▸ WHAT YOU WILL DO
Without the pictures, output the lines of the material from the very first through the one that holds "in HD.30W pink".

▸ SUPPLIED MATERIAL
■ ■ ■

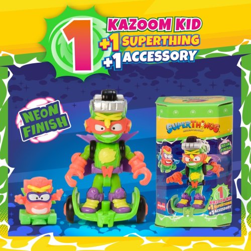 SuperThings NeonPower v krabičke - Mocný Kazoomblast naďalej produkuje energiu, ktorá stojí za magickými udalosťami, aké mestečko nikdy nevidelo. V Kaboom City sa tak objavilo 6 nových Kazoom Kids, teraz s neónovým efektom! Toolie Kit, Breakmania, Starlock, Cashillion, Watermax a Funfire sa pripojili k SuperThings v bitke o nadvládu nad mestom. Kto z nich zvíťazí? Iba vy môžete tento boj rozhodnúť! Obsahuje: • 1 figúrka Kazoom Kid • 1 figúrka SuperThing
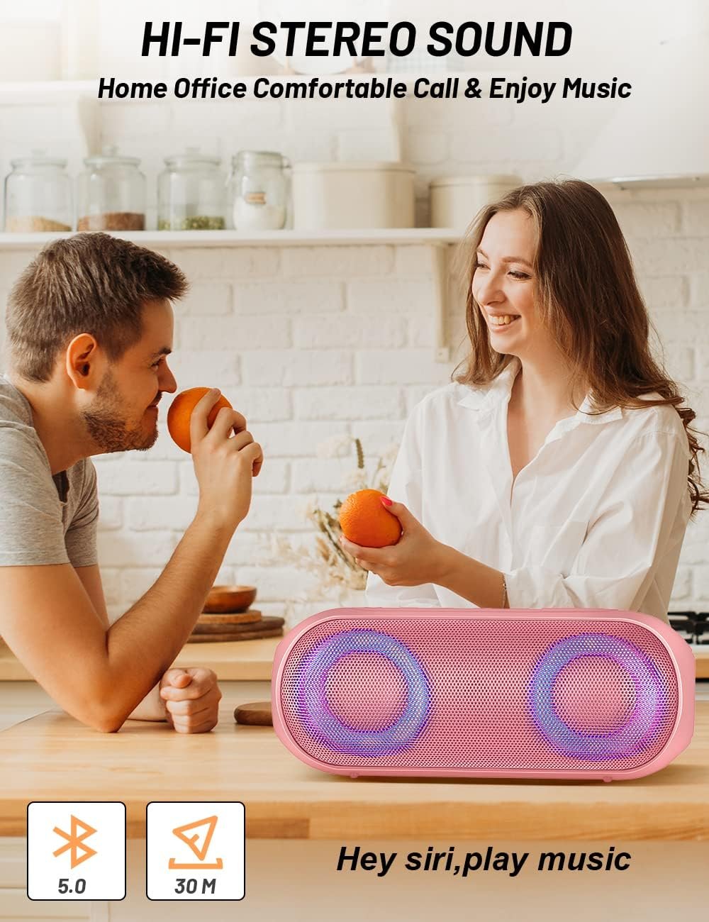 【RGB Colorful Light Show】:The standalone RGB lighting system is designed for night events with 7 light colors and 6 light modes, mixed color flashes that sync with the beat, create a pulsing light show for any song, and keep the party going with streaming music in HD.30W pink
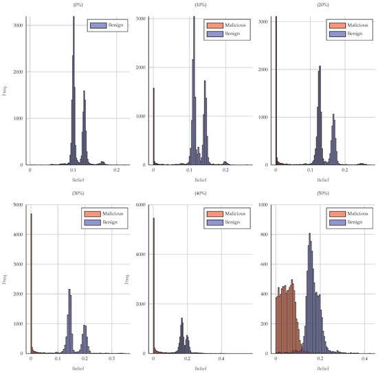As the attack percentage increases from 10% to 50%, the graph displays both benign (blue) and malicious (red) nodes. There is a noticeable shift in the belief assigned to malicious nodes compared to benign ones, with malicious nodes typically receiving lower belief values. This indicates that the proposed model is capturing their altered and potentially disruptive behaviour. The distinction between the blue and red distributions diminishes as the attack percentage rises, highlighting the increasing influence of malicious actions. In the worst-case scenario, with 50% of nodes being malicious, the proposed model reduces the belief scores for the malicious nodes but still faces difficulty in fully separating the distributions compared to less intensive attacks. This challenge arises because when half of the network consists of malicious nodes, their collective influence becomes significant enough to obscure the clear distinction between benign and malicious behaviour.

■ ■ ■

▸ ANSWER TO THIS PROBLEM
 SuperThings NeonPower v krabičke - Mocný Kazoomblast naďalej produkuje energiu, ktorá stojí za magickými udalosťami, aké mestečko nikdy nevidelo. V Kaboom City sa tak objavilo 6 nových Kazoom Kids, teraz s neónovým efektom! Toolie Kit, Breakmania, Starlock, Cashillion, Watermax a Funfire sa pripojili k SuperThings v bitke o nadvládu nad mestom. Kto z nich zvíťazí? Iba vy môžete tento boj rozhodnúť! Obsahuje: • 1 figúrka Kazoom Kid • 1 figúrka SuperThing
 【RGB Colorful Light Show】:The standalone RGB lighting system is designed for night events with 7 light colors and 6 light modes, mixed color flashes that sync with the beat, create a pulsing light show for any song, and keep the party going with streaming music in HD.30W pink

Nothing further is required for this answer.